Young Grizzlies Accused of Killing 71 Sheep, Bear Hunting Magazine

Wildlife officials hope to capture two young grizzly bears suspected in a sheep killing spree. Traps will remain in place until Friday in an effort to capture the the one remaining young grizzly bears that is suspected in what one government trapper says is the worst sprees he has ever seen.

The bears are blamed for killing 71 lambs and ewes in pastures south of Choteau between June 11 and July 9. Mike Hoggan, of Valier, is a trapper with the U.S. Department of Agriculture's Wildlife Services. He says most bears do not kill sheep, and the few that do, do not usually stop.

A grizzly bear management specialist with Fish, Wildlife & Parks, Mike Madel, says a captured female would likely be relocated to the west side of the Rocky Mountains. He says the fate of a male "would be open for discussion." Madel stated that they likely were responsible for the initial depradation, when the most sheep were killed. In two subsequent instances when fewer sheep were killed, one bear was probably involved.

"A lot of these kills aren't even fed on," Mike Hoggan said. "It kind of looks like (they are) doing this partly for fun." The only similar case he can recall came 10 or 12 years ago when a bear killed 50 ewes, he said. Hoggan's been capturing bears for 17 of his 30 years of trapping.
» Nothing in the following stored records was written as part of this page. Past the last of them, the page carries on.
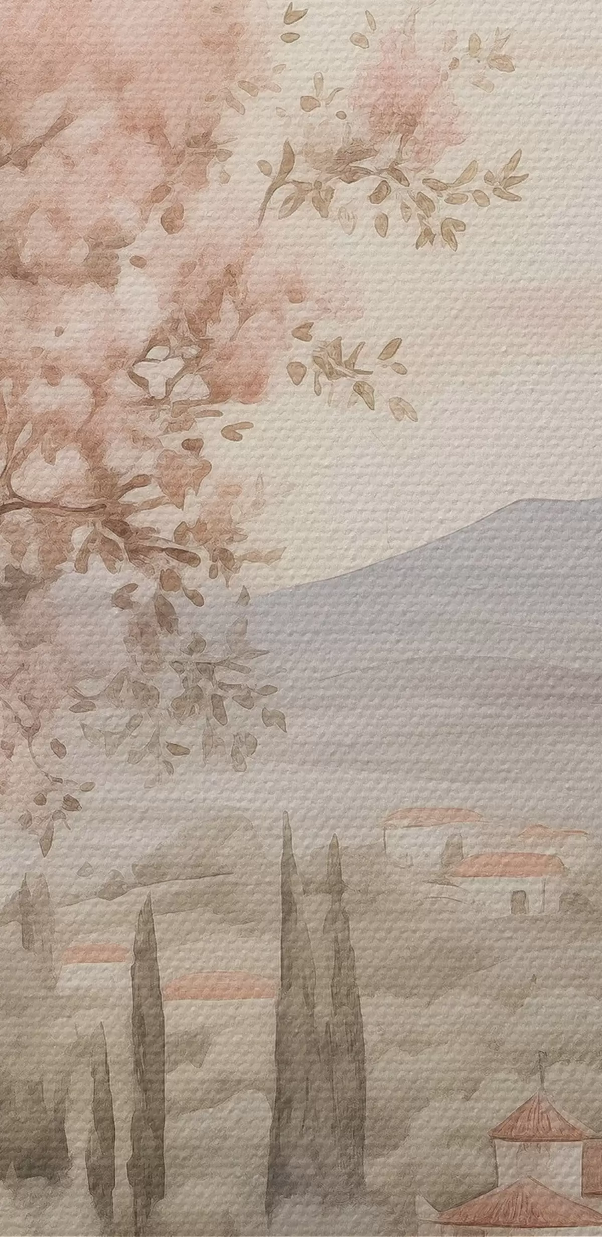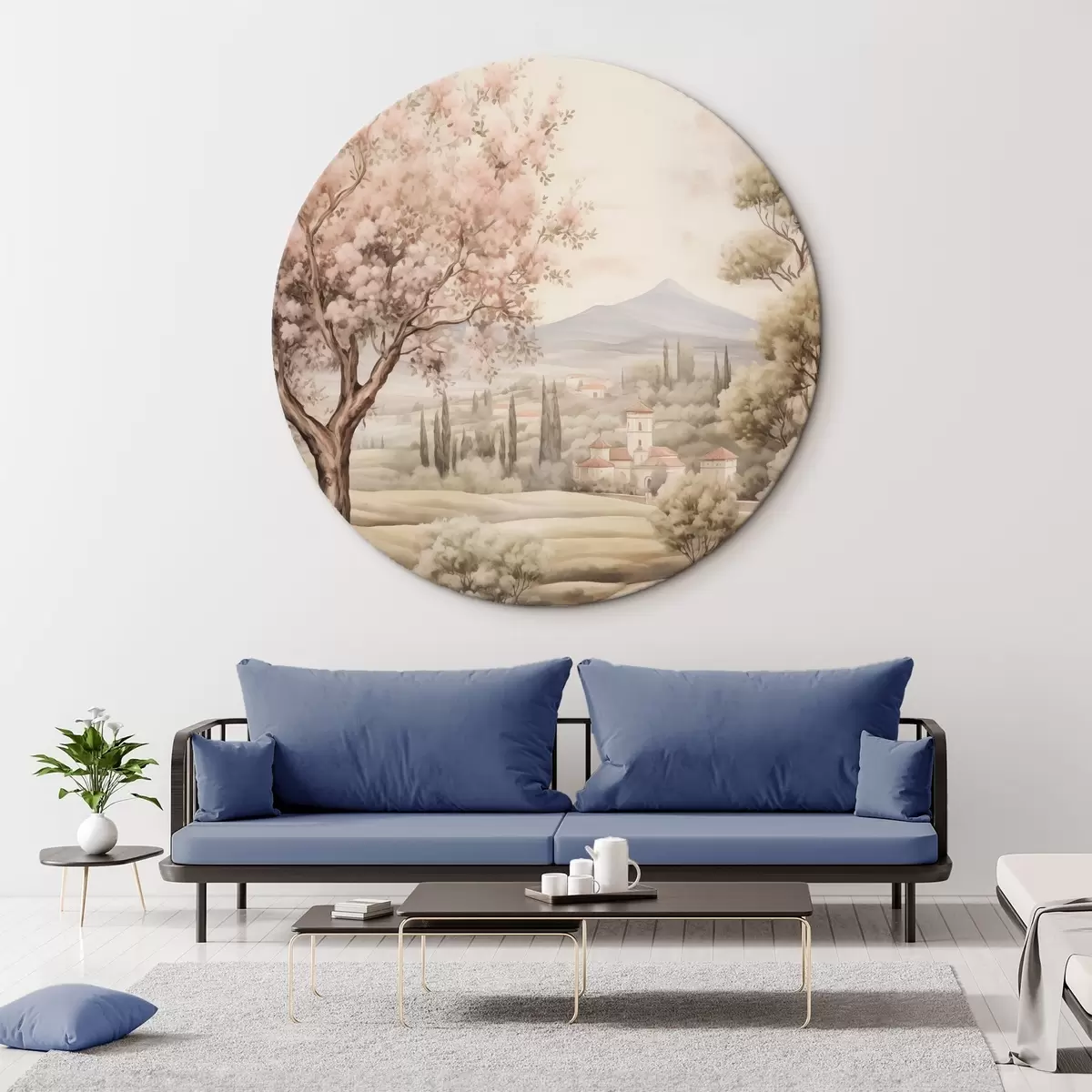 Okrągły obraz Akwarelowe wzgórza, kwiaty wiśni, zamek, styl rustykalny Nr r41225
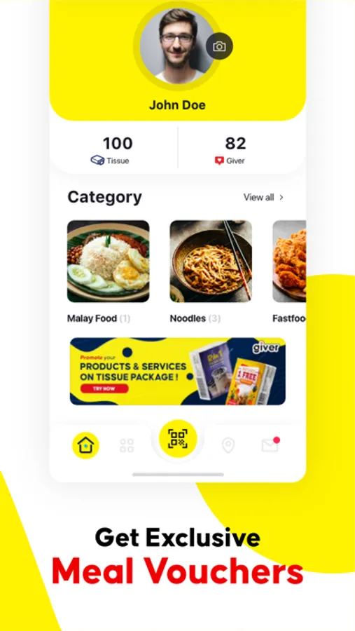 An app which can get the free tissues at every cafe. You can scan the machine qr code and take a tissues when u finish watching the advertising.
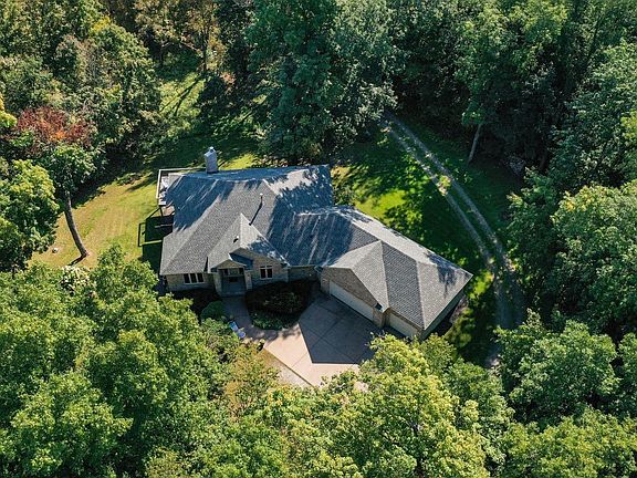 You've found it!! Nestled on 5+ acres of wooded serenity, this meticulously maintained walkout rambler offers a true sanctuary-like retreat while being close to tons of restaurants and shopping! Step inside to a warm, welcoming space filled with natural light and vaulted ceilings. The kitchen is ideal for both meal prep and entertaining, with beautiful hardwood floors, pull-out cabinets, and ample storage. Start your mornings on the deck with a cup of coffee, surrounded by nature’s beauty. Main level features a primary suite with a spacious bathroom, double sinks, separate tub and shower, and walk-in closet. Convenient main-floor laundry adds to the ease of living. Cozy up by one of the two fireplaces, either in the living room or the lower-level family room. Walkout lower level also offers two additional bedrooms, 3/4 bath, and fantastic storage space. Step outside to enjoy the lush backyard, framed by trees and wildlife, or relax on the patio. The oversized garage offers even more room for storage or projects. New roof in 2022 comes with a 50-year warranty, ensuring peace of mind for years to come. This home is a perfect blend of nature, tranquility, and modern comfort. Don't miss it!!
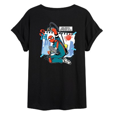 Women's Marvel Friendly Neighborhood Spider-Man Oversized Graphic T-Shirt - Black - Small
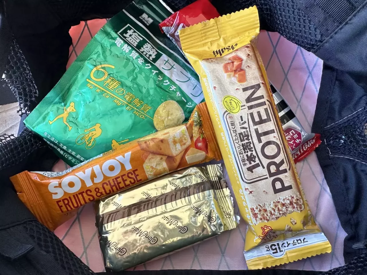 タンパク質、エネルギー、ミネラル、これらの栄養素を補給できるように分類別でバランスよく行動食を持ち歩くようにしています。
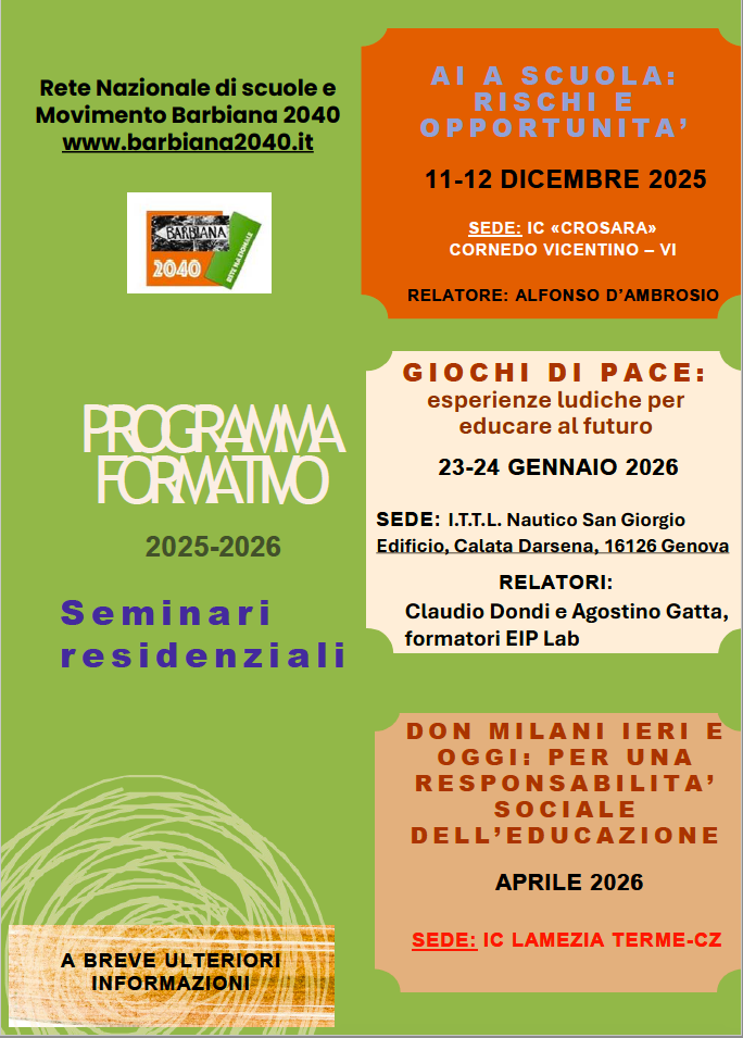 Conferenze, laboratori, incontri e convegni della Rete di Scuole Barbiana 2040.
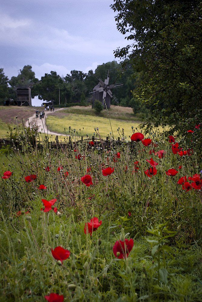лето,маки,мельница,дорога., Александр
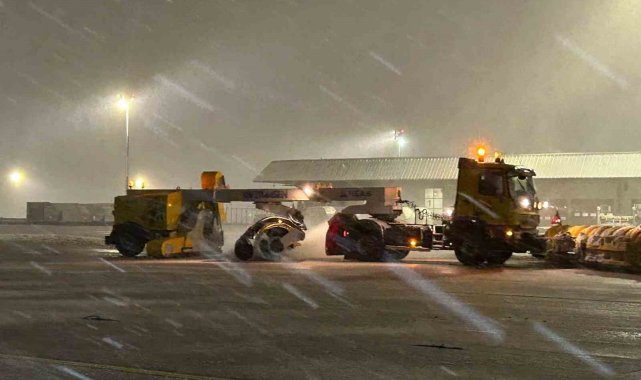 Sabiha Gökçen Havalimanı'nda kar ve buzla mücadele faaliyetleri sürüyor. HEAŞ'a bağlı 72 adet özel donanımlı araç ve 125 kişilik ekip, 2 pist, 8 apron, 56 taksi yolu, araç servis yolları ve park alanlarını temizleyerek uçuş güvenliğini sağlıyor.
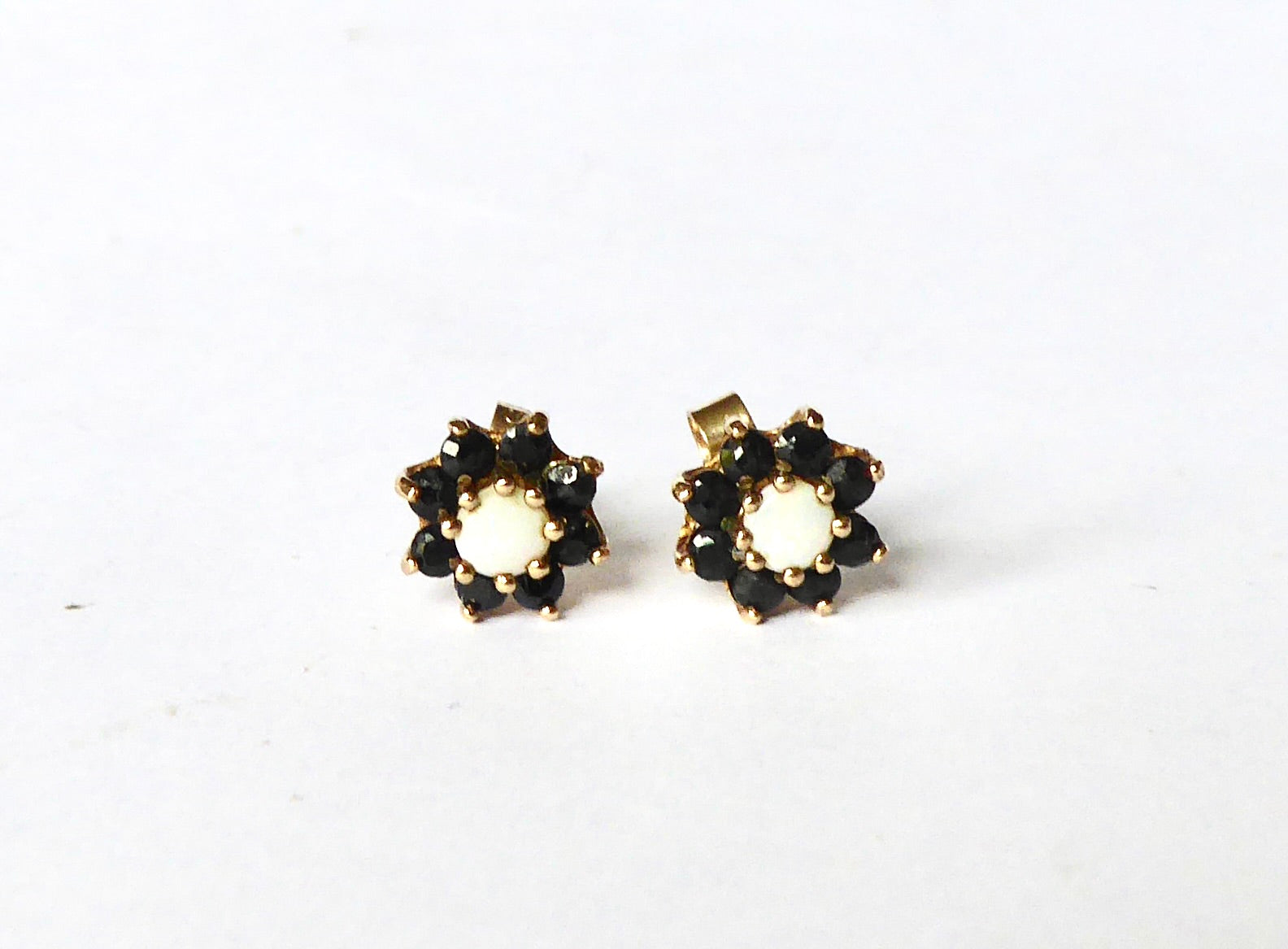 Pair of 9ct. Gold Opal & Sapphire Earrings

Hoggan actually nabbed the main suspect in a foot snare July 13. It was a young bear, maybe weighing 250 pounds, with blond hair. However, the grizzly put the slip on the veteran trapper.

After discovering the catch, Hoggan and Madel walked 100 yards to a pickup truck to mix a tranquilizer to sedate the bear. When they left the trap, the bear was on its back, using its free paw to try to remove the snare. They returned 20 minutes later with the tranquilizer, but the bear was gone.

"This is like maybe one in a million deal," Hoggan said. Two foot snares, each baited with sardines, will remain in place until Friday while Hoggan checks them each morning.

"He probably left the area," Hoggan said. Grizzlies that kill sheep typically do not stay out of trouble, he added. "Eventually, he'll find some sheep somewhere else."

The killing began the night of June 11 at a pasture leased by Zane Drishinski a mile south of Choteau on the Teton River. That night, 24 ewes and 34 lambs were killed. The next night, Drishinski endured thick mosquitoes swarms to guard the site, but saw only deer.

The bear or bears struck Drishinski's sheep again three weeks later, on July 8. Three ewes and five lambs were killed, bringing the death toll to 66. The next evening, a bear killed four ewes and a lamb at the Miller residence, which is half a mile downriver from Drishinski's pasture, bringing the total number of sheep killed to 71.

"He'll be back, in my opinion," Drishinski said Wednesday. He is frustrated because landowners cannot legally harass bears to protect their livestock.

"Who can stand to take that kind of hit, and then there's nobody responsible for these bears," he said, adding his losses total about $7,500.

Northwest Montana grizzlies are a federally protected threatened species. Hoggan said the Teton River is a hot spot for bears, so most property owners with sheep use guard dogs or electric fences.

Drishinski's flock is now being guarded by an Anatolian shepherd bred to protect sheep from bears, wolves and other predators.